LZ77 algorithm principle and realization of __ algorithm

Source: Internet
Author: User
1. Introduction

LZ77 algorithm is a dictionary to do data compression algorithm, by Israel's two great God Abraham Lempel and Jacob Ziv published in 1977 paper "A Universal algorithm for sequential data Compression "In the paper.

Data compression coding based on statistics, such as Huffman encoding, requires a priori knowledge-the character frequency of the source, and then compresses. In most cases, however, this priori knowledge is difficult to obtain beforehand. Therefore, it is very important to design a more general data compression coding. The LZ77 data compression algorithm comes into being, its core idea is to use the repetitive structure information of data to compress data. Give a simple example, such as

Take it in righteousness, keep it in righteousness, and Zhou. Take it to cheat power, keep it to Bluff, Qin also.

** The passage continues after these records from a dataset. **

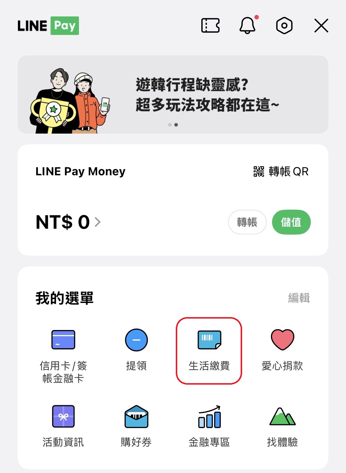 進入 LINE Pay Money 後點擊「生活繳費」: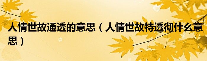 大家好,小晋来为大家解答以下问题,关于人情世故通透的意思,人情世故特透彻什么意思很多人还不知道,今天让我们一起来看看吧!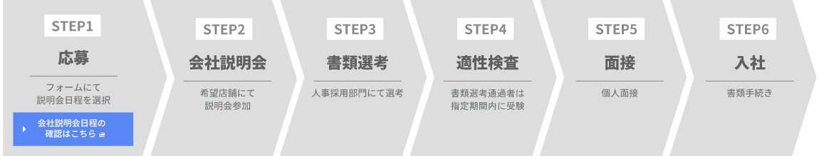※書類選考・面接においては合否に関わらず1週間を目安にご連絡さしあげます。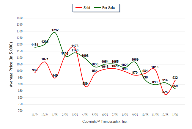 January 2026 Average For Sale Price was Depreciating and Average Sold Price was Neutral**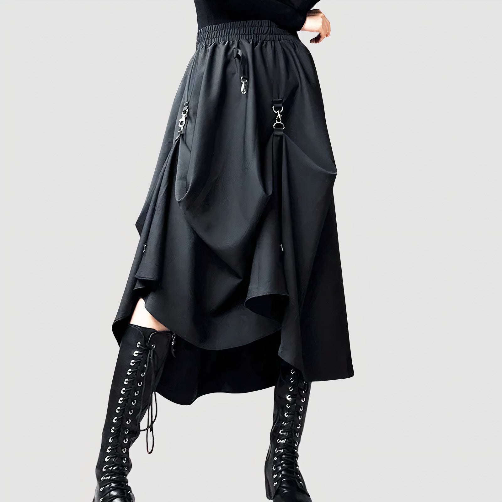 Las faldas largas góticas son el epítome del estilo clásico combinado con el misterio del gótico. Son perfectas para eventos formales, cenas elegantes o salidas nocturnas. Fabricadas con materiales como terciopelo suave y microfibra delicada, ofrecen una mezcla de elegancia y confort. Los detalles como encajes ricos, bordados sutiles y aberturas estratégicas añaden un toque de sofisticación y dramatismo a cada diseño. Cada falda larga está terminada con gran precisión, garantizando un estilo que llama la atención y te hace destacar entre la multitud.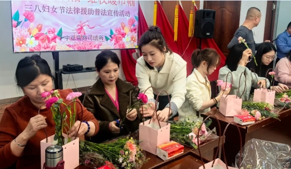 近日,北站西路司法所联合河南庄村,在社区活动室内开展“情暖三月 法护芳华”迎三八主题普法宣传活动。活动将法治宣传与插花艺术、趣味游戏相结合,社区特意邀请花艺老师为妇女姐妹讲授插花艺术,指导大家制作花艺作品,司法所工作人员和社区志愿者精心设计“法律知识趣味竞答”和“法治盲盒”等小游戏,将民法典、妇女权益保障法、反家庭暴力法等法律条文转化为通俗易懂的问题,让大家在轻松愉快的互动中学习法律知识,介绍法律援助的申请条件和流程,引导大家学会运用法律武器维护自身合法权益。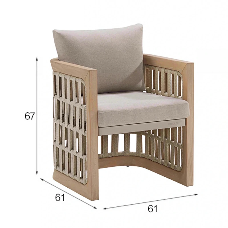 The backrests and armrests showcase precision-crafted grid-pattern rope weaving, offering both visual texture and structural flexibility for comfortable outdoor lounging. - Breathable All-Weather Materials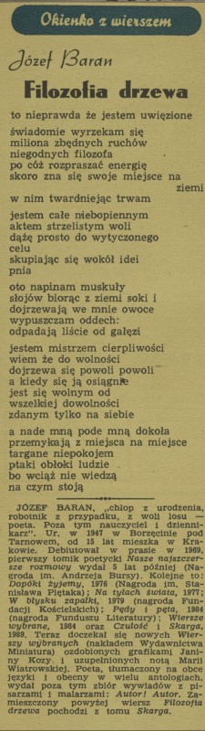 Archiwum / Okienko z wierszem nr 2419 (24/1991) 1/5 Podziel się Tytuł Filozofia drzewa Autor Józef Baran Rubryka Okienko z wierszem Artykuł z numeru 2419 (2420/1991) Data wydania 3 listopada 1991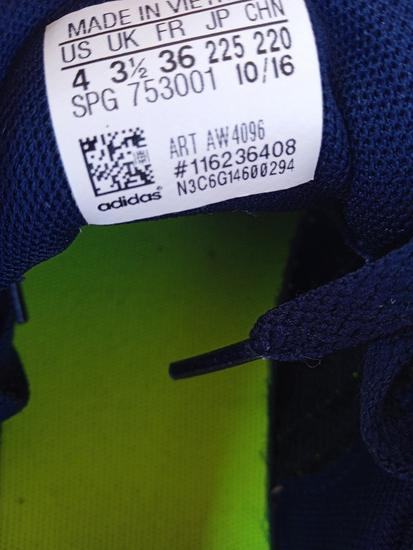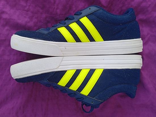 Kratko koristene tenisice.36 velicina.tkanina.tamnoplave boje sa fluorescentnim zutozelenim Adidas znakom.mogu biti i za djecu i odrasle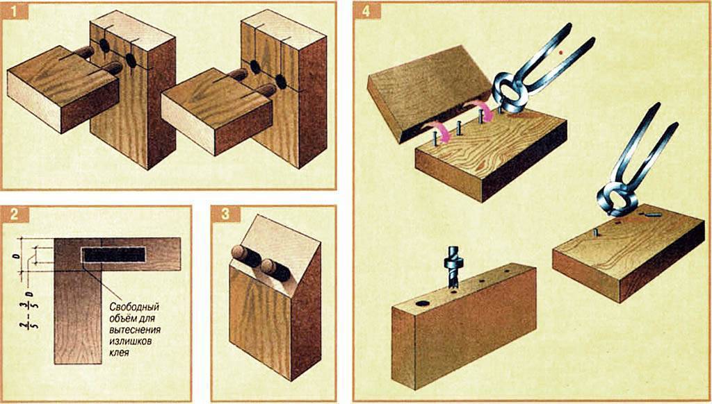 Традиционно деревянная мебель собирается на шкантах. Шкантовое соединение невидимо и дешево; на всякий случай напомним, что это такое и как делается, см. рис. Для соединения деревянных деталей используются деревянные же шканты, усыхающие вместе с соединенными деталями; практически не усыхающая ЛДСП соединяется пластиковыми шкантами. Угловые пластиковые шканты мало употребительны, т.к. часто ломаются. Соединения деревянными шкантами, как правило, проклеиваются.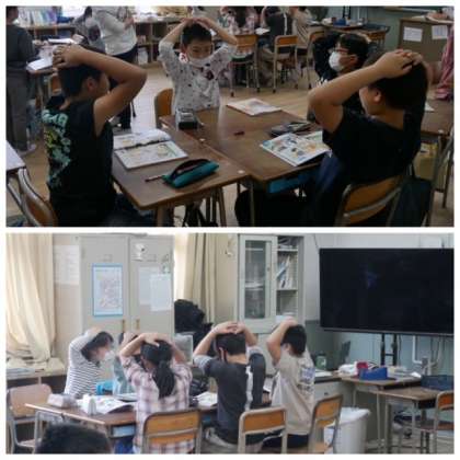 5年生は、外国語科(英語)で、班ごとに色の英単語を聴いて頭文字の付いているグッズ取りゲームをして楽しく学習していました。

Take it, and righteousness, and the people, and keep it, and the deceit. are repeated, and they can be expressed simply by pointing to where they appear before. To indicate the position, we define a relative position, as shown in

After the relative position of the message string for the use of fraud, guarding against the force, Qin also. , if the message string before the relative position can be matched, the encoding is the start and the end index of the message string that matches it, and the original character is encoded if it fails to match. The message string after the relative position can be encoded as: [(1-3), (Bluff), (6), (7-9), (Bluff), (12), (6), (Qin), (15-16)], as shown in the figure:

The above example shows how to use index values to represent words to achieve data compression purposes. The core idea of the LZ77 algorithm is the same, and its specific compression process is slightly more complicated than the above example. 2. Principle

This paper mainly discusses the LZ77 algorithm to do compression and decompression, on the LZ77 algorithm, the only translatable, lossless compression (that is, decompression can not be lost to restore information) of the nature of its mathematical proof refer to the original paper [1]. sliding window

As to how to describe the repetitive structure information, the LZ77 algorithm gives a more exact mathematical explanation. First, the length of the definition string S is L (s) L (s), where S (1,j), 1≤j≤l (s) s (1,j), 1≤j≤l (s) is the prefix of s S. for S (1,j) s (1,j) and I≤j i≤j, L (i) L (i) is the maximum value of L L (l≤l (s) −j l≤l (s) −j) that satisfies the following conditions:

Contact Us

The content source of this page is from Internet, which doesn't represent Alibaba Cloud's opinion; products and services mentioned on that page don't have any relationship with Alibaba Cloud. If the content of the page makes you feel confusing, please write us an email, we will handle the problem within 5 days after receiving your email.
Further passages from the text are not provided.